"Don't let wealth spoil them while they are young." William Langland's post-Black Death advice to parents, from a world where children had become scarce enough to overprotect.
Snowball fight, Tacuinum Sanitatis, folio 96v, c. 1390-1400. Workshop of Giovannino de Grassi. Bibliotheque nationale de France, NAL 1673.
Cecco Angiolieri was a Sienese poet active around 1260 to 1312, remembered for satirical verses of startling venom, including odes wishing death on his father. William Langland, author of Piers Plowman, wrote in the post-plague decades of the late fourteenth century and observed parents spoiling their children out of fear that pestilence would take them. The shift from Cecco's pre-plague world to Langland's post-plague world tracks something most people don’t realize: the modern Western concept of childhood as a distinct, protected phase of life was a historical invention. When plague killed the young disproportionately, children became scarce, and scarce things become valued.

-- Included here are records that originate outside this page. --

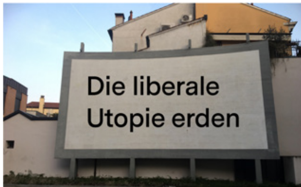
Kernbotschaft für Imagineure und Transformatikerinnen

Harald Welzer und ich haben einige Elemente dieser Haltung schon in unserem Imagineering-Buch angesprochen: positiver Trotz, dynamische Ziellosigkeit, herzliche Schamlosigkeit. 15 Eine solche Haltung wächst über die Zeit und verstärkt sich, wie alle Tugendethiker wissen, mit jedem Schritt. Daher ist die Suche nach einem vertretbaren Leben, vor sich selbst, vor den (eigenen) Kindern, vor der Welt, keine leichte Übung; es steht keine Toolbox mit Lösungen zur Verfügung. Sie beinhaltet Zweifel, Scheitern und schenkt doch Momente ungläubig beäugter Freiheit; Stichwort: weniger ist mehr. Ganz sicher aber ist sie eines: alternativlos.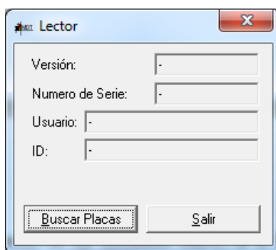
No se muestra información

Al ejecutar el programa, aparece una ventana con la información que se ha leído de la USB.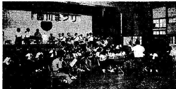
年々盛大になる民謡流し 1番町から8番町までを演奏しながら行進する自衛隊員 曾根中生徒と自衛隊員による合同演奏

れ、多数の観衆でにぎわいました。大会は、民謡クラブ員の歌う佐渡おけさと岩室草香句で、仮装に参加した若者男女が入り交って踊り、会場は、ちよちんの光や、夜空を彩る大小の花火の打ち上げられる中を、審査のかたから、町長や商工会長らが、ゆかた姿で先頭を切っていました。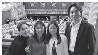
「ANAスカラシップ」については、新国立劇場オペラ研修所ウェブサイトをご覧ください。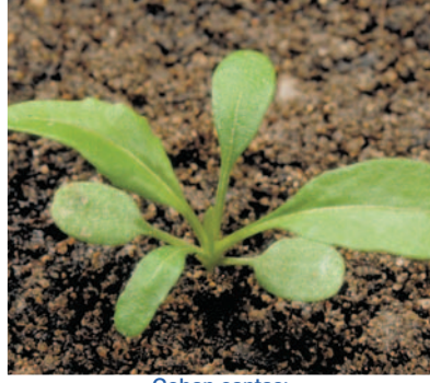
Çoban çantası ( Capsella bursa-pastoris )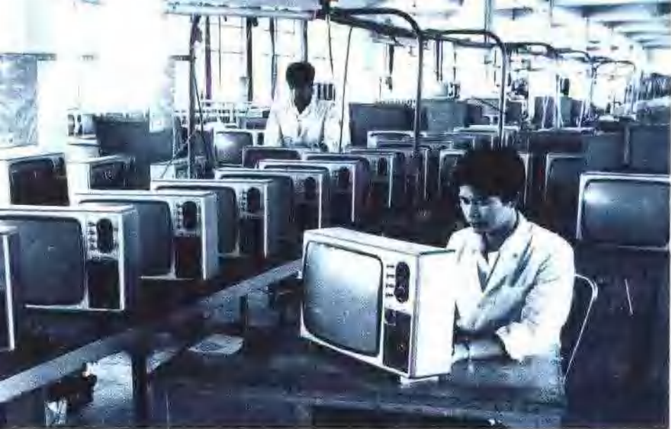
广州广播器材厂新建的电视机装配线

In regard to the post-plague demographic system in which families limited the number of offspring to achieve or maintain greater prosperity, an additional idea is suggested by his argument: with the Black Death and its tragic onslaught, which by many accounts struck down a disproportionate number of the young, a new, more cherishing view of children arose during the late fourteenth and fifteenth centuries. As with many of the plague's reactions, its long- and short-term consequences were often mirror opposites of one another. In the face of the 1348 unprecedented disaster, fathers and mothers may well have abandoned their children, as one contemporary chronicler or story-teller after another reported and repeated. "Oh father, why have you abandoned me? … Mother, where have you gone?" were among the laments recorded by the 1348 chronicler from Piacenza, Gabrielle de' Mussis. Boccaccio ended his lament over relatives abandoning one another by reporting that "what is hardly believable, fathers and mothers [abandoned] their children as though they were not their own, disgusted by seeing or assisting them."

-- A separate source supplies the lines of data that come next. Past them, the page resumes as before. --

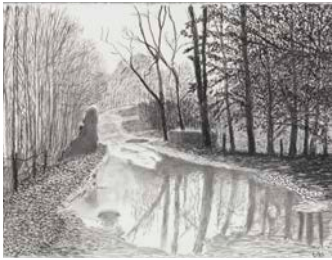
Woldgate, 6-7 février de la série L'Arrivée du printemps en 2013 (deux mille treize)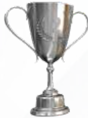
TRHOPY JUARA II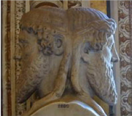
Dios romano Janus Bifronte en el Museo Vaticano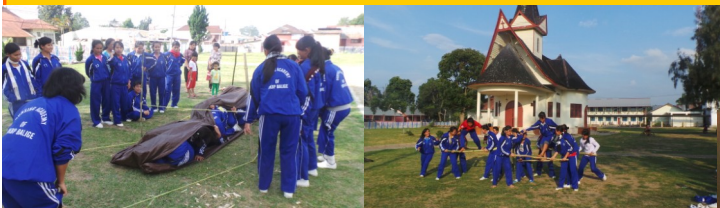
Pelaksanaan Retreat Akper HKBP Balige

JL.GEREJA NO.17 BALIGE TOBA SAMOSIR – SUMATERA UTARA Telp : (0632) 21137 Website : www.akperhkbp.ac.id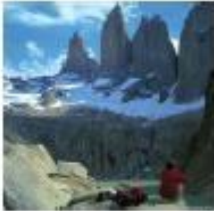
Torres del Paine

Recorta las siguientes imágenes y clasifícalas según formen parte del patrimonio natural o del patrimonio cultural de Chile.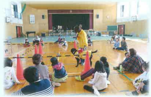
にしわきっ子人権教室(盲導犬学習)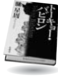
「トキョー・バビロン」 馳 星周 双葉社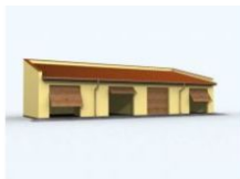
G92 garaż czterostanowiskowy 105m 2 1090 zł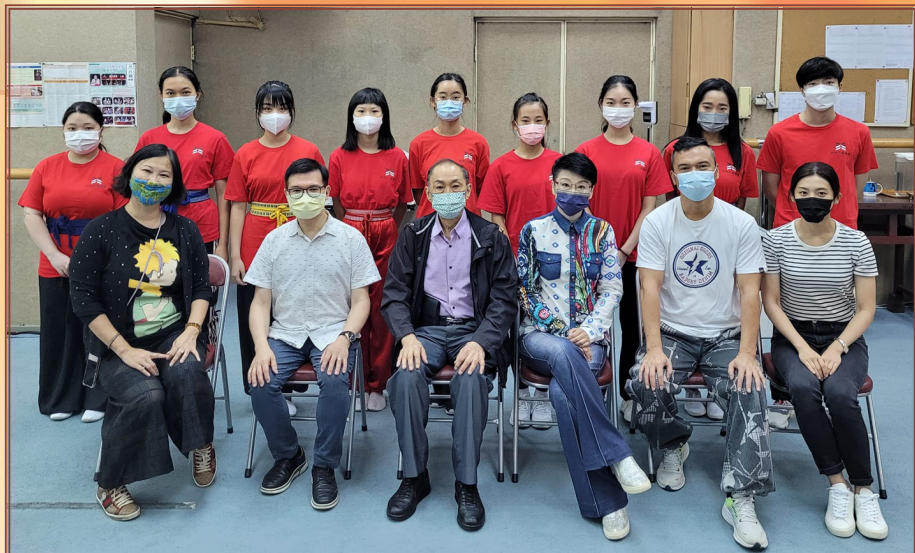
一年級學員與主禮人合照

本年度青少年班暫時仍延續上學年的疫情課堂安排，由疫情前的全日課程（上午10時至下午5時，3節，每節2小時）縮減為半日課程（中午12時至下午4時半，3節，每節1.5小時）。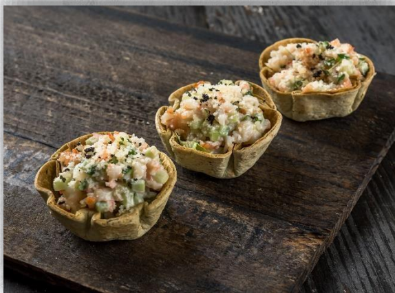
Корзинка «Швец» из мексиканской лепешки с креветкой и фирменным соусом 1 шт. / 45 гр. 190 руб.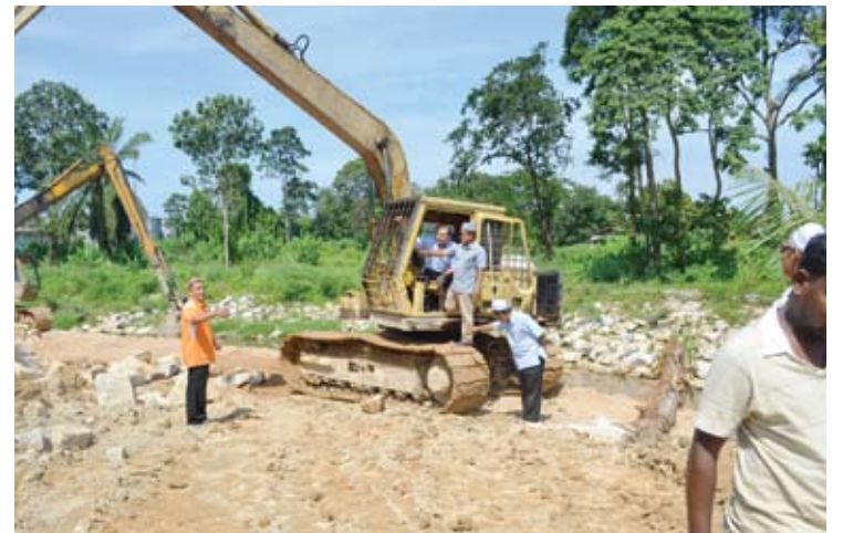
Pembinaan jambatan konkrit dibuat serta-merta apabila jambatan lama rosak teruk akibat banjir

Yet by the time of the later onslaughts of pestilence in the fourteenth and fifteenth centuries, familial sentiments had radically shifted. Here, the complaints of the post-plague William Langland might be compared with those of the pre-plague Sienese poet Cecco Angiolieri. Disinherited from his worldly possessions because of the selfish pietistic zeal of his parents, Cecco penned his famous ode of familial hatred:
If I were death I would go to my father; If I were life I would flee from him; And I would do the same for my mother.

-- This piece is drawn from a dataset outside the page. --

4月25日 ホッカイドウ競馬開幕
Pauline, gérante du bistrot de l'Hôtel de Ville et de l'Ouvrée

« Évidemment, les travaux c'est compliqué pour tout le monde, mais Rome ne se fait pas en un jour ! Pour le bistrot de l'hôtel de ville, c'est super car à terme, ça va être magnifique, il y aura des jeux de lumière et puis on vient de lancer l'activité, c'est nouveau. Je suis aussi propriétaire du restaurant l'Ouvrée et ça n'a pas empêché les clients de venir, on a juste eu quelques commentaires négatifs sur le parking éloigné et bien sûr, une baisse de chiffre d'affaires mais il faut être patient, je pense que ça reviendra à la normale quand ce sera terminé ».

In contrast, a century later, Langland criticized parents of the merchant classes for spoiling their children, and suggested that the plague and rampant mortality may have been the cause of their parental overindulgence:
Don't let wealth spoil them while they are young Nor for fear of the pestilence indulge them beyond reason.
David Herlihy was a medieval demographic historian at Harvard who died in 1991 before completing the book based on his Gauss Lectures. Samuel K. Cohn Jr., his former student, edited and published the lectures as The Black Death and the Transformation of the West in 1997. The book argues that the plague's most significant long-term effects were economic and social rather than medical: labor shortages, wage increases, shifts in inheritance patterns, and a measurable transformation in how European societies valued their youngest members. Samuel K. Cohn's own work, The Black Death Transformed (2002), pushed the demographic argument further, questioning Herlihy's assumption that plague was bubonic and arguing from Italian death records that the disease killed with a selectivity that reshaped household economics across the continent.